I am having trouble reconciling two facts I am aware of: the fact that the charge conjugate of a spinor tranforms in the same representation as the original spinor, and the fact that (in certain, dimensions, in particular, in $D=4$), the charge conjugate of a left-handed spinor is right-handed, and vice versa.

To be clear, I introduce the relevant notation and terminology. Let $\gamma _\mu$ satisfy the Clifford algebra: $$ \{ \gamma _\mu ,\gamma _\nu \} =2\eta _{\mu \nu}, $$ let $C$ be the charge conjugation matrix, a unitary operator defined by $$ C\gamma _\mu C^{-1}=-(\gamma _\mu )^T. $$ One can show that (see, e.g. West's Introduction to Strings and Branes, Section 5.2) that $C^T=-\epsilon C$ for $$ \epsilon =\begin{cases}1 & \text{if }D\equiv 2,4\, (\mathrm{mod}\; 8) \\ -1 & \text{if }D\equiv 0,6\, (\mathrm{mod}\; 8)\end{cases}. $$ Define $B:=-\epsilon \mathrm{i}\, C\gamma _0$. Then, the charge conjugate of a spinor $\psi$ and an operator $M$ on spinor space are defined by $$ \psi ^c:=B^{-1}\overline{\psi}\text{ and }M^c:=B^{-1}\overline{M}B, $$ where the bar denotes simply complex conjugation. We define $$ \gamma :=\mathrm{i}^{-\left( D(D-1)/2+1\right)}\, \gamma _0\cdots \gamma _{D-1}, $$ and $$ P_L:=\frac{1}{2}(1+\gamma )\text{ and }P_R:=\frac{1}{2}(1-\gamma ). $$ We then say that $\psi$ is left-handed if $P_L\psi =\psi$ (similarly for right-handed). Finally, the transformation law for a spinor $\psi$ is given by $$ \delta \psi =-\frac{1}{4}\lambda ^{\mu \nu}\gamma _{\mu \nu}\psi.\qquad\qquad(1) $$

Now that that's out of the way, I believe I am able to show two things: $$ \delta \psi ^c=-\frac{1}{4}\lambda ^{\mu \nu}\gamma _{\mu \nu}\psi ^c \qquad\qquad(2) $$ and $$ (P_L\psi )^c=P_R\psi ^c\text{ (for }D\equiv 0,4\, (\mathrm{mod}\; 8)\text{)}.\qquad\qquad(3) $$ The first of these says that $\psi ^c$ transforms in the same way as $\psi$ and the second implies that, if $\psi$ is left-handed, then $\psi ^c$ is right-handed (in these appropriate dimensions).

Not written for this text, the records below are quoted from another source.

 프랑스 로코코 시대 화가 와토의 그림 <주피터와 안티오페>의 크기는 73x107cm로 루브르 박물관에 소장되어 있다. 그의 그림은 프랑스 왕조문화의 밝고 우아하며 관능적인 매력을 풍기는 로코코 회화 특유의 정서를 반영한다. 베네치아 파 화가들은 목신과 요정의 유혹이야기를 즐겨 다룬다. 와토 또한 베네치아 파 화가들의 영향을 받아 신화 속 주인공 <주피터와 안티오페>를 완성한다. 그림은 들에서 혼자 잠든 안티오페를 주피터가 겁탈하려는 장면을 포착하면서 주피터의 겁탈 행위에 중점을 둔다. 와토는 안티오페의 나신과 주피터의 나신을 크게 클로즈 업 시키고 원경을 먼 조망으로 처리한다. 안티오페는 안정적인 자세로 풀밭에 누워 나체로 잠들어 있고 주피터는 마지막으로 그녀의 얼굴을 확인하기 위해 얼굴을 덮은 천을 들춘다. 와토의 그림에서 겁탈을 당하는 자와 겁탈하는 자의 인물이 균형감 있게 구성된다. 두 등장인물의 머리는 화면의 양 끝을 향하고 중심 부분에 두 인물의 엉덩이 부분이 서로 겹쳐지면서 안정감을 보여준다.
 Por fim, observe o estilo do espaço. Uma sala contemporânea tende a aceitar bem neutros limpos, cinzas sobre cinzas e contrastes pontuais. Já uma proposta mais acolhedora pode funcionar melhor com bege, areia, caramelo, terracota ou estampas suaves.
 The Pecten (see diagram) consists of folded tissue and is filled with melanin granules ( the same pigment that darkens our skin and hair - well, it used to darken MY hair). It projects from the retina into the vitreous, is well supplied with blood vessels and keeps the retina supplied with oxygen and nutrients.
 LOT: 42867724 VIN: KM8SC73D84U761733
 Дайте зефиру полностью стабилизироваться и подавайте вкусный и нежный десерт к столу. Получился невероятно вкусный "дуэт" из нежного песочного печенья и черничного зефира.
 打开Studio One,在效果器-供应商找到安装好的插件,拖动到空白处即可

I'm having trouble reconciling these two facts. I was under the impression that when say say a Fermion is left-handed, we mean that it transforms under the (1/2,0) representation of $SL(2,\mathbb{C})$ (obviously, I am now just restricting to $D=4$). It's charge-conjugate, being right-handed, would then transform under the $(0,1/2)$ representation, contradicting the first fact. The only way I seem to be able to come to terms with this is that the two notions of handedness, while related, are not the same. That is, given a Fermion that transforms under $(1/2,0)$ and satisfies $P_L\psi =\psi$, then $\psi ^c$ will transform as $(1/2,0)$ and satisfy $P_R\psi =\psi$. That is, the handedness determined in the sense of $P_L$ and $P_R$ is independent of the handedness determined by what representation the Weyl Fermion lives in.

Could someone please elucidate this for me?

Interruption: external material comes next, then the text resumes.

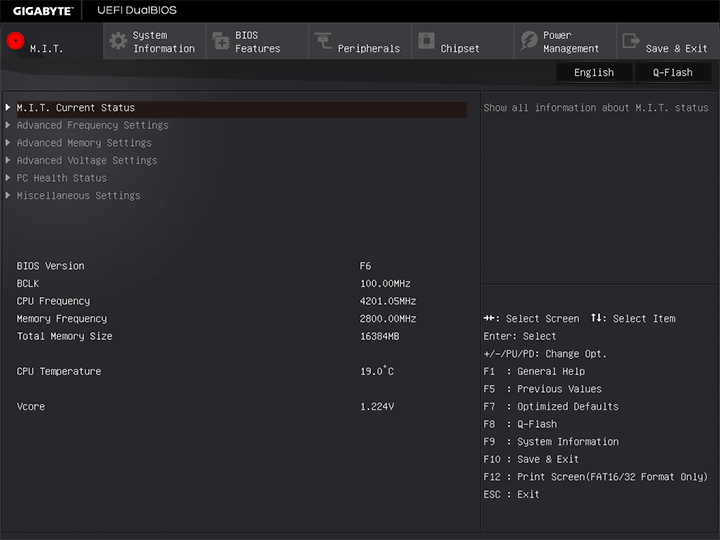 If you have used Gigabyte products in the past, you will be quite familiar with the Motherboard Intelligent Tweaker, as shown in our screenshot above. It further divides into six more sections. These sections are labeled M.I.T Current Status, Advanced Frequency Settings, Advanced Memory Settings, Advanced Voltage Settings, PC Health Status, and Miscellaneous Settings, respectively. It should be generally clear what the kind of settings are listed under each section, but I will go into these sections in detail in just a moment. Furthermore, we can see at the bottom section of the Motherboard Intelligent Tweaker screen the BIOS version, base clock frequency, CPU frequency, memory frequency, total memory size, CPU surface temperature, and Vcore -- right from the start. I found this particularly handy and convenient during my overclocking runs.

This post imported from StackExchange Physics at 2014-08-23 04:59 (UCT), posted by SE-user Jonathan Gleason
asked Nov 16, 2013 in Theoretical Physics by Jonathan Gleason (265 points) [ no revision ]

2 Answers

+ 3 like - 0 dislike

Your equations (1) (2), saying $\delta \psi =-\frac{1}{4}\lambda ^{\mu \nu}\gamma _{\mu \nu}\psi$ with or without $^c$, just says that both $\psi$ and $\psi^c$ are in the same representation, namely $(1/2,0) + (0,1/2)$.

The third equation (3), saying $(P_L\psi)^c=P_R \psi^c$, just says that the charge conjugation swaps the two irreducible components of the reducible representation that is the Dirac spinor.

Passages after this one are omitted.